Jackie Young earns a B- Contract Value Index (CVI) on a deal that reflects solid organizational confidence but stops short of delivering exceptional value relative to her market tier. In the 2026 season, she's produced 12.2 PPG, 4.7 RPG, and 6.4 APG across nine games while shooting 38.0% from the field and 29.3% from three—steady contributions that align with her established role as a functional rotation starter rather than a franchise centerpiece. At $1.19M AAV on a one-year deal, she's commanding a high-end, near-max salary that places her squarely in the upper echelon of WNBA compensation, a positioning that's defensible given her seven-season track record and two-way reliability but leaves little margin for injury or performance regression. At 28 and operating as an established veteran, Young is squarely in her competitive prime, and the one-year structure suggests the Aces view her as a near-term contributor to their title window rather than a long-term cornerstone investment.

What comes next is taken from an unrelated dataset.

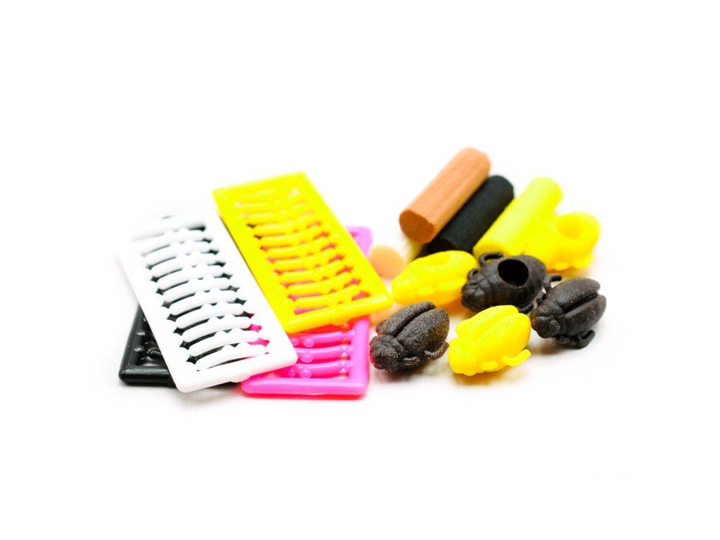 Balení obsahuje 6 umělých brouků (3 žlutý + 3 černý), 4 pěnové tyčky různých barev a 4 sady speciálních zarážek různých barev.Skvělá nástraha pro chytání způsobem zig-rig.

The media narrative centers on her consistency and partnership within the team's system—dependable, productive, and aligned with championship aspirations—which justifies the salary commitment without elevating it to bargain-territory status. The B- CVI reflects a fair but not exceptional value proposition: she's paid as a veteran starter should be, but the combination of modest shooting percentages and absence of All-WNBA recognition means the contract doesn't yield the surplus value you'd expect from an elite-tier deal.
Current Sentiment
A-
NegativeNeutralPositive
Jackie Young enters 2026 as a reliable, long-tenured guard for a championship-contending Las Vegas Aces franchise, having just agreed to a new deal that signals organizational confidence in her continued role. Her career profile—seven seasons, 11.8 PPG, 6.1 APG, and solid two-way contributions—positions her as an established rotation starter rather than a marquee star, but recent headlines emphasize her productive partnership with A'ja Wilson and her value to the team's title aspirations. The recent game coverage highlighting her offensive output alongside Wilson suggests she remains a functional piece in the Aces' system, though her modest shooting percentages (37.5 FG%, 27.8 3P%) and lack of All-WNBA recognition keep her in the solid-starter category rather than elite tier. Media coverage is straightforward and positive, focused on team success and contract security rather than individual accolades or controversy. Overall, Young's perception reflects a dependable veteran guard whose reputation is anchored by consistency and team success rather than individual stardom.